Kopi Janji Jiwa
- Company's logo since August 2023
- Type: Privately held company
- Industry: Coffeehouse
- Founded: 15 May 2018; 8 years ago
- Founder: Billy Kurniawan
- Headquarters: Jakarta, Indonesia
- Number of locations: 900+ (2022)
- Area served: All of Indonesia
- Key people: Billy Kurniawan (founder and CEO)) Michael Tarjoto (COO) Gerry Narayan (CTO)
- Products: Coffee, milk, toast, tea, hamburger
- Number of employees: 3000 (2023)
- Parent: Jiwa Group
- Website: jiwagroup.com

= Kopi Janji Jiwa =

Indonesian coffeehouse chain

Kopi Janji Jiwa (Janji Jiwa Coffee) is an Indonesian coffee shop chain known for serving local coffee beverages with a Grab-and-Go concept. This coffee shop chain is owned by Jiwa Group (PT Luna Boga Narayan), which also owns several other brands for tea, toast, and hamburgers. As of 2022, Kopi Janji Jiwa has over 900 coffee shops across Indonesia.

== History ==
Kopi Janji Jiwa was founded by Billy Kurniawan on 15 May 2018 in Jakarta. Before establishing this company, Billy owned a bubble tea shop called Calais. In its early days, Kopi Janji Jiwa had only one outlet at ITC Kuningan, South Jakarta, selling coffee-based beverages with a sales volume of 10 cups per day. However, the coffee shop chain now sells millions of cups of coffee each month.
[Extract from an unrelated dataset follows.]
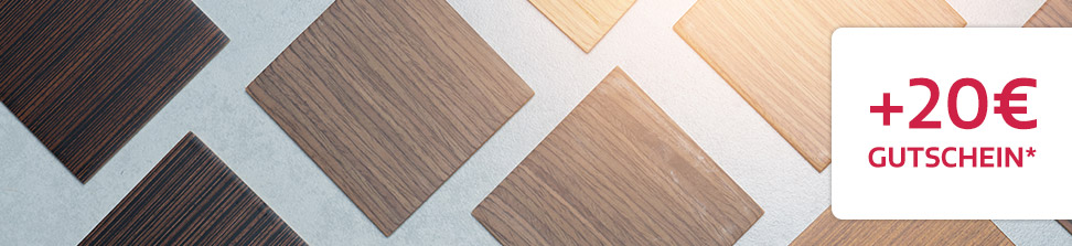 Nun haben Sie Ihr persönliches Musterstück! Denken Sie daran, Ihren neuen Fußboden zu verschiedenen Tageszeiten bei unterschiedlichen Beleuchtungen zu testen. Und sobald Sie sich für Ihren Lieblingsboden entschieden haben, können Sie den beiligenden 20€-Gutschein* nutzen - als Dankeschön, dass Sie unseren Muster-Service genutzt haben!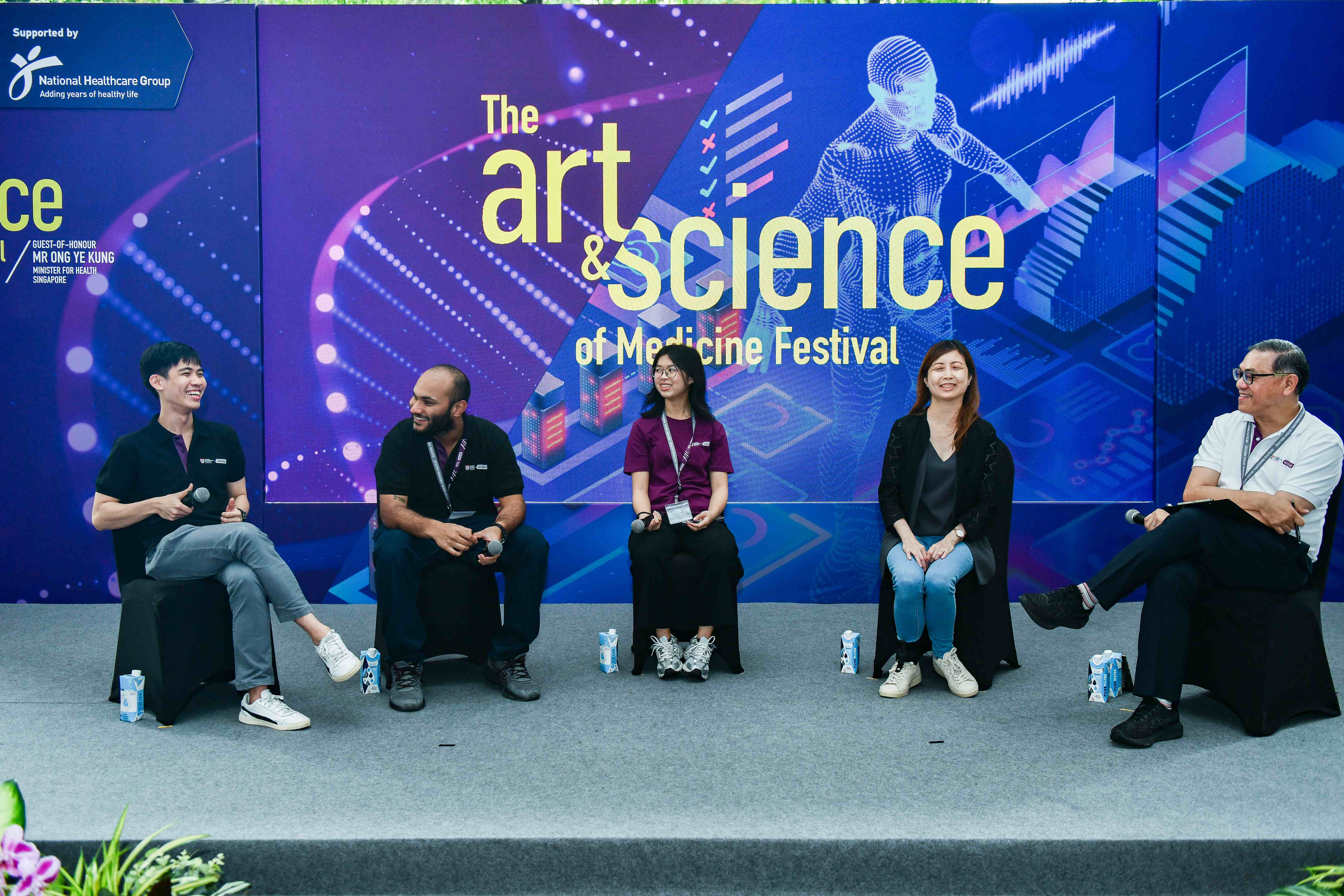 The second Art and Science of Medicine Festival added to Kampung Admiralty’s bustling energy and was a resounding success. It also displayed the unity of the LKCMedicine community, with many faculty, researchers, staff, students, and alumni coming together to answer queries on the MBBS programme, student admissions and research, and express their creativity as performers and emcees.

In 2019, Jiwa Group launched its second brand, Jiwa Toast. This chain offers a menu of toast with a variety of toppings and flavors. Later, they introduced Jiwa Tea, a brand for tea products, in 2020, and Burger Geber, a brand for hamburgers, in 2023. These three additional brands have been included in several Kopi Janji Jiwa outlets; older outlets typically feature only one, two, or three brands, while newer outlets accommodate all four brands.

In 2020, Jiwa Group launched a digital-based online ordering application called JIWA+ that supports the Grab & Go concept.

In 2021, Jiwa Group received funding from two investors, Openspace and Capsquare Asia Partners. Both venture capital investors have best practices in the local and regional value-chain market.

In 2023, Jiwa Group launched a program called Kopi Sejuta Jiwa (KSJ). This program involves selling coffee on the go using electric bicycles. As of September 2023, Jiwa Group had operated 50 KSJ electric bicycles.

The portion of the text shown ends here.